_The problem_
What lines of the data hold the string "This"? Pull each one out.

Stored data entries
---

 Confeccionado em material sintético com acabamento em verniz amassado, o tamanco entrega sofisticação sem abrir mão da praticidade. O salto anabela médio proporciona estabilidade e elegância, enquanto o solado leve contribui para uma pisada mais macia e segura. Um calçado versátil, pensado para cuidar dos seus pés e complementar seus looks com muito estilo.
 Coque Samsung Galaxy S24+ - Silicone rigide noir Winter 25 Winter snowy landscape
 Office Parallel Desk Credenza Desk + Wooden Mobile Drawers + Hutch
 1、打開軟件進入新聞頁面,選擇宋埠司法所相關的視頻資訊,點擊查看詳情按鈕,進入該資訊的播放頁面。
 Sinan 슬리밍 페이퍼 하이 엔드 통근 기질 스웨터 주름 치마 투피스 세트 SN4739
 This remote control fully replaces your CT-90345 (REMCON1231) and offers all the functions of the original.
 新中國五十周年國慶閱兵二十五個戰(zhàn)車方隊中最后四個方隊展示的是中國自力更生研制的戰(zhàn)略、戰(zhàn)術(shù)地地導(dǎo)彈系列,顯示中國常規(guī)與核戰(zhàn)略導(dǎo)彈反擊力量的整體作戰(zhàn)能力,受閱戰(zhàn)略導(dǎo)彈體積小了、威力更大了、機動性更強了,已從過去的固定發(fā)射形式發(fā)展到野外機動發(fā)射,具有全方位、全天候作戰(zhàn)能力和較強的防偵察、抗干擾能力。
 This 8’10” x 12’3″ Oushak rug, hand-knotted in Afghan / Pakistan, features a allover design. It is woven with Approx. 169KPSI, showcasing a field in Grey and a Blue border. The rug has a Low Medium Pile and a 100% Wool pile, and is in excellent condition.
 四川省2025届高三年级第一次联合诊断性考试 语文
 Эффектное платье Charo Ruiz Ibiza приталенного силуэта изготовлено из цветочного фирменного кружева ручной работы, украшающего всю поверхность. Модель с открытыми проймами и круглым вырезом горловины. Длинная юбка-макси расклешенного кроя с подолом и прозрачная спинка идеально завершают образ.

---

_Expected output_
 This remote control fully replaces your CT-90345 (REMCON1231) and offers all the functions of the original.
 This 8’10” x 12’3″ Oushak rug, hand-knotted in Afghan / Pakistan, features a allover design. It is woven with Approx. 169KPSI, showcasing a field in Grey and a Blue border. The rug has a Low Medium Pile and a 100% Wool pile, and is in excellent condition.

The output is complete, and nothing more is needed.